Hugo Friedrich Fries (; ; 9 January 1818 – 25 March 1889). sometimes spelt Frieze, was a German judge, and son of Jakob Friedrich Fries. Before and after the founding of the German Reich, he was a member of the Reichstag. His son, Otto Fries (1849–1905), a forester, was also a member of the Reichstag.

Life 
Fries studied law at the University of Göttingen and the University of Jena (1837–1840). After graduating, he joined the civil service of the Grand Duchy of Saxe-Weimar-Eisenach.
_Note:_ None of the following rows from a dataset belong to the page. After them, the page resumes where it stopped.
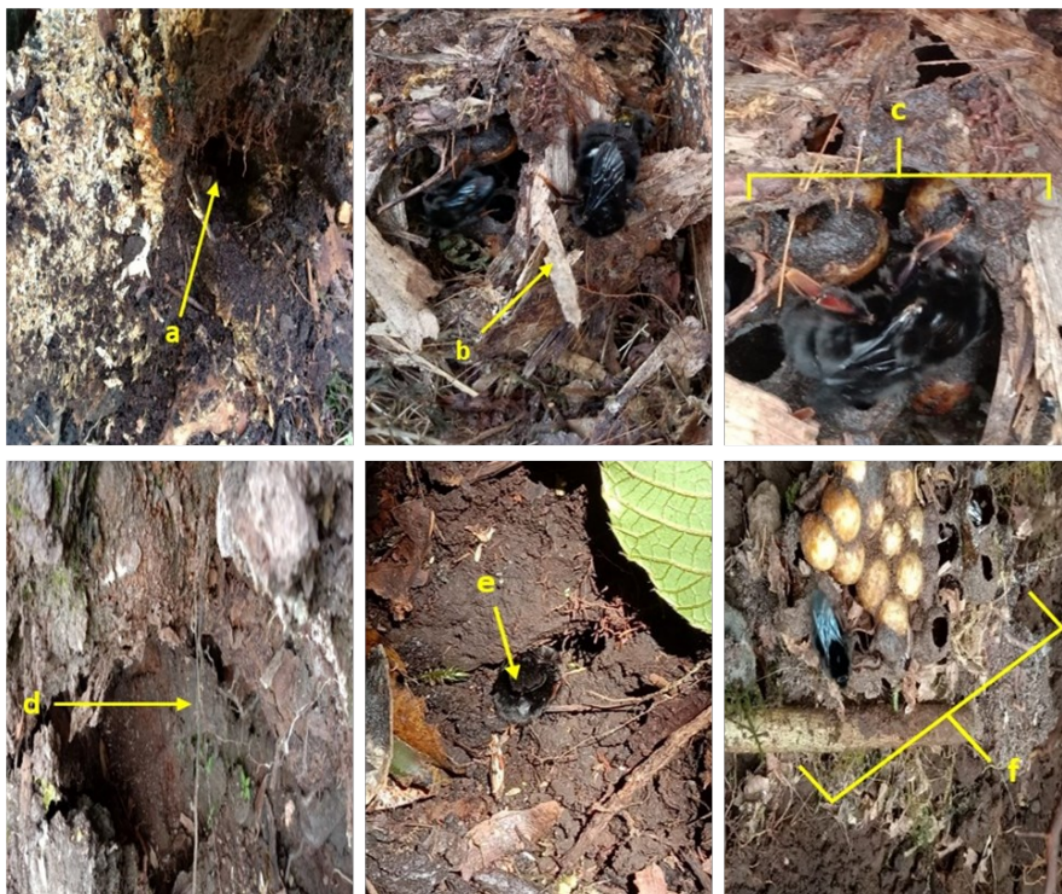
Figure 1. Nest structure: a) nest hollow, b) nest material with moss, c) worker in the nest d) location, e) entrance, and f) nest composition.

The nest of B. ruficeps found at Mt. Slamet consisted of 8 to 12 brood cells, 5 to 8 honey cells, and 5 to 6 pollen cells (Figure 2), and differ from the findings of Kato et al. (1992) which showed the number of colonies found to be up to 46 cells. B. rufipes has small colonies compared to other Bombus species in Southeast Asia (Liang et al. 2020).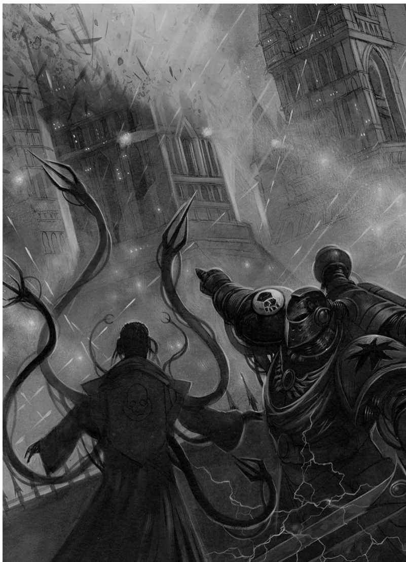
Sigismund and Kane witness the attack on Mondus Occulum

A thunderous, booming horn-blast echoed across the landing fields,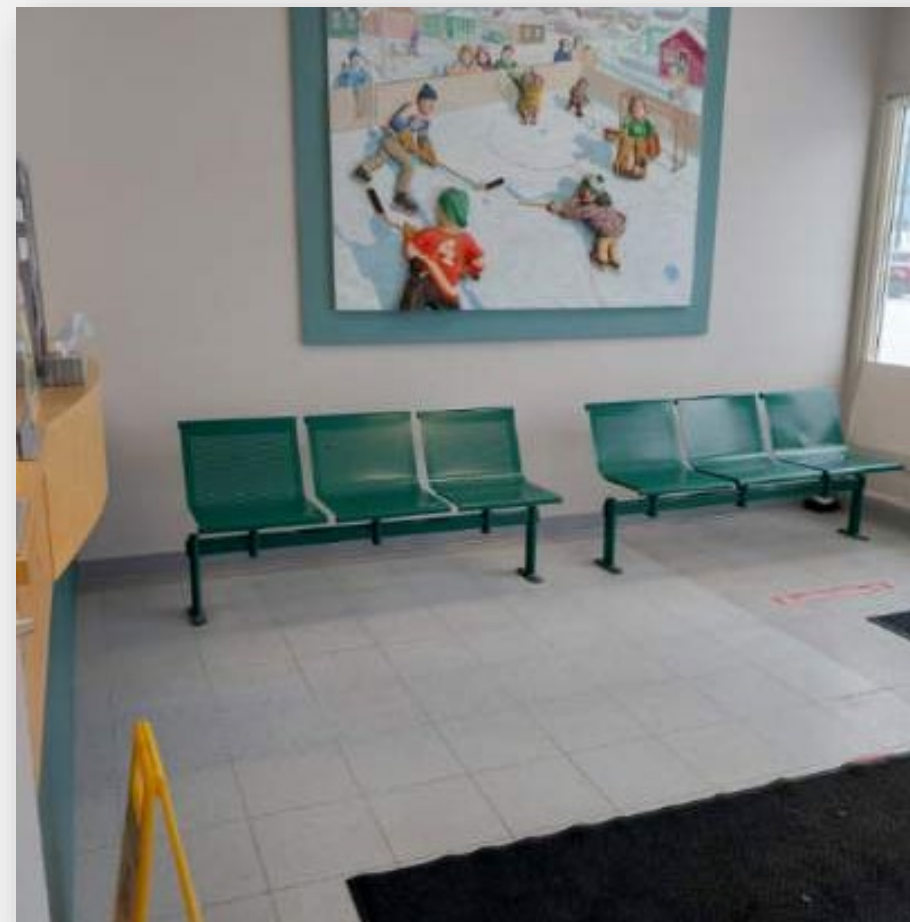
Image: Reception Waiting Area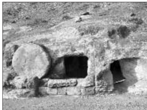
An illustration for I am the resurrection and the life. A stone literally rolled away revealing an open cave; taken on the road from Caesarea to Megiddo.

Spring 2013 brings the Jewish Women Prayer Circle back to the Westminster Gallery with work that will result from their year-long study of creation. Their insight will provide us with new ways to think about the creation of and nature of the universe.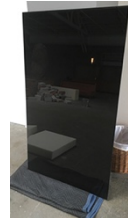
Ebony mirror 62 x 36"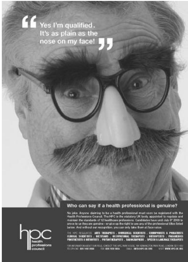
One of our adverts from the 2004/2005 campaign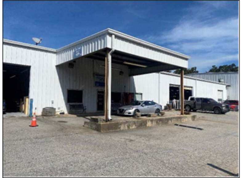
Page 13 of 42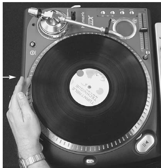
Fig. 5.3. Dragging the platter

Get on in there and spin and drag up a storm until you've gotten the hang of it. Once you get comfortable with these techniques, beat matching becomes a breeze.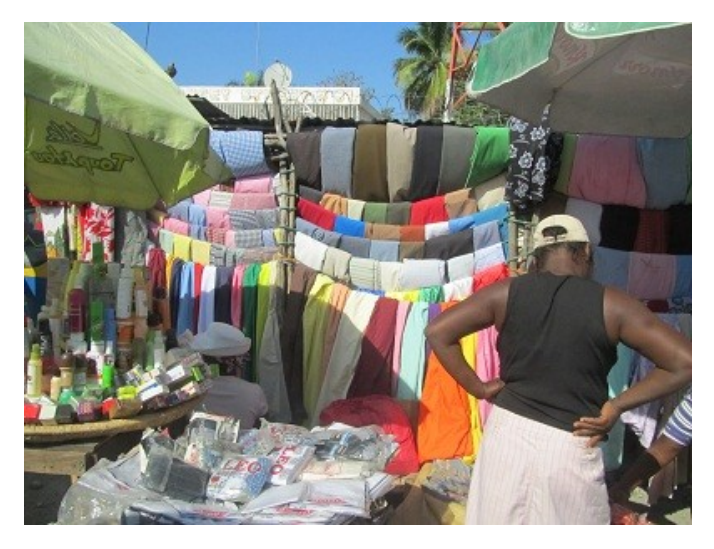
Figure 15: Goods for sale in a street-side stall.

normalize it as an economic tool rather than a 'product for the poor'. [19]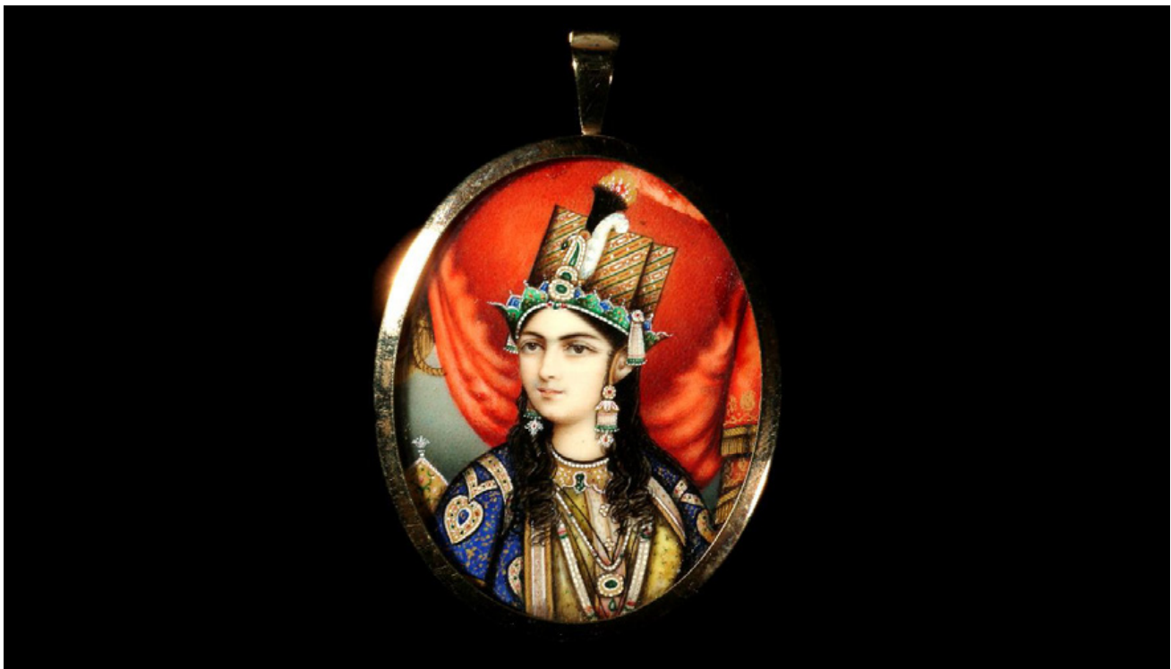
'Portrait of Mumtaz Mahal', Artist unknown, 1840-1890, Presented by the Friends of Birmingham Museums & Art Gallery in 1932; 1932P240, Birmingham Museums Trust | Image Details - 1932P240 Portrait of Mumtaz Mahal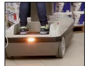
FRONT & REAR TRAVEL LIGHTS

MAKING WORK SAFER, FASTER, EASIER... MORE PRODUCTIVE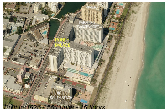
Built in 1926 - 564 units - 16 floors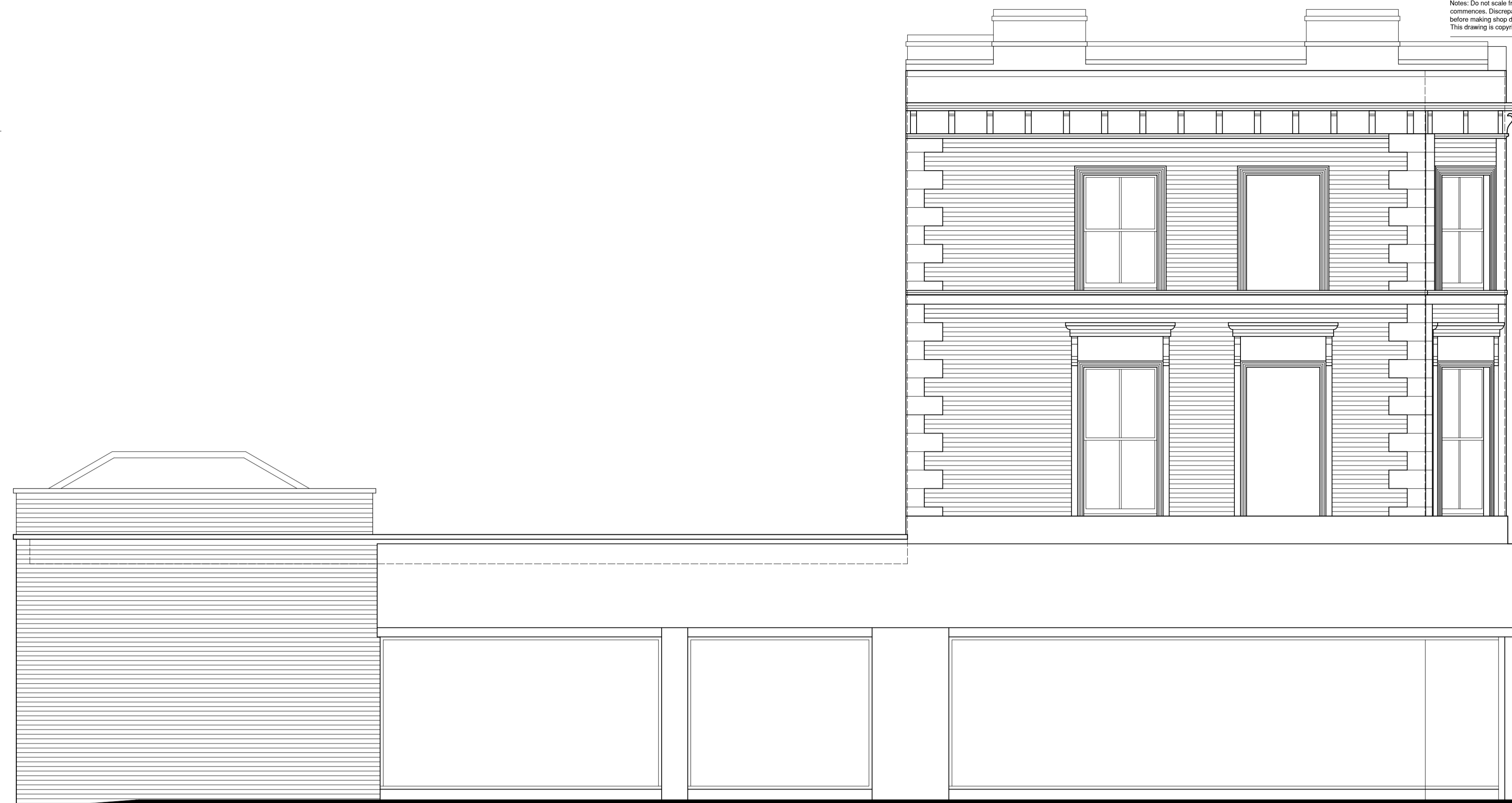
EXISTING SIDE ELEVATION - CAVERSHAM ROAD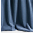
F3210019 Deep sky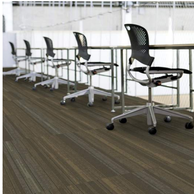
Carpet Option 1 Install Example Bolyu Verge Neck of the Woods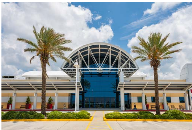
Figure 1. Northshore Harbor Center main entrance

The Northshore Harbor Center facility is pictured in Figure 1, and its location is illustrated in Figure 2.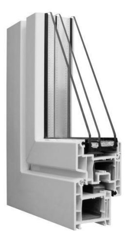
Figure 1A – Vinyl Windows

Windows are one of the most complex and expensive facets of the building envelope as they can account for approximately 10% of a building's air infiltration according to the U.S. Department of Energy, and can cost up to several thousand dollars per unit. The number, size, material choice and orientation of windows can make or break the energy efficiency of the entire building. With so much on the line, it is important for windows to be weather and water tight. There are slightly less than 100 different American Society for Testing and Materials (ASTM) tests and 40 American Architectural Manufacturer's Association (AAMA) standards, in addition to various other NFRC, ANSI, ASCE, CPSC, NFPA, UL and GANA Standards pertaining solely to windows. One of the most specified glazing products in multi and single family construction is the vinyl window.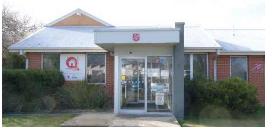
Ballarat North Neighbourhood House, 6 Crompton Street, Soldier's Hill. Image supplied.

There has been some interest in the local community for the house to start a ukulele class! If you think you may like to join, please contact us. Start dates to be confirmed.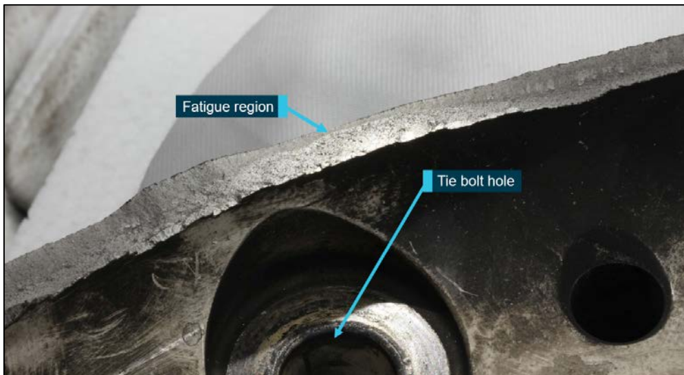
Figure 3: Outboard fracture surface on the inner half-wheel, with a fatigue region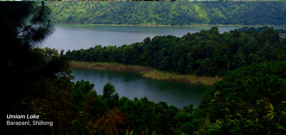
Umiam Lake Barapani, Shillong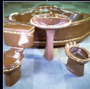
1970 Twyford commence manufacture of vitreous china in Melbourne, Australia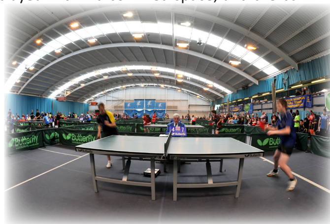
Table tennis is a safe sport to play indoors. It can be played within a confined space, and the ball will not break fragile objects. None the less, measures need to be taken to ensure that the activity is safe for the participants and other individuals in the proximity of the playing area. This section will be broken up into two sections; social table tennis and formal table tennis because the two variations each require a different set up.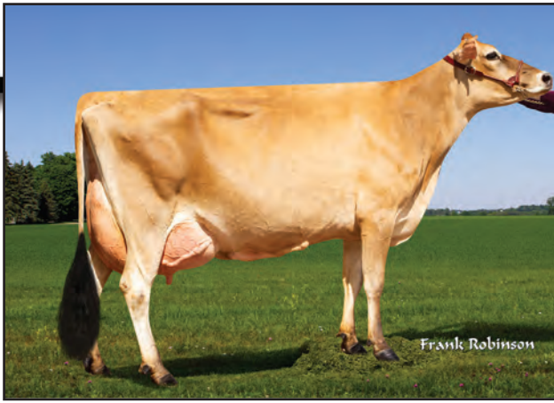
KY-HI GALVANIZE MALIA, E-90% Grandam of Lot 7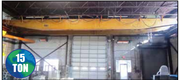
15 TON X 68'4\"/>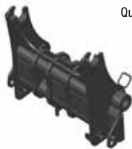
Quick-Tach System (QT)

Description: The extremely durable Bobcat digging bucket is ideal for all types of digging and materials handling jobs. Available with or without teeth.

He was a lawyer in Berka from 1845 to 1850, and became its mayor from 1848 to 1850. He then moved to Weimar in 1850 and continued working there as a lawyer, later becoming a member of the municipal council in 1853. He become one of the founders of the German National Association in 1859. He became a member of the National Liberal Party of Germany from 1870 onwards.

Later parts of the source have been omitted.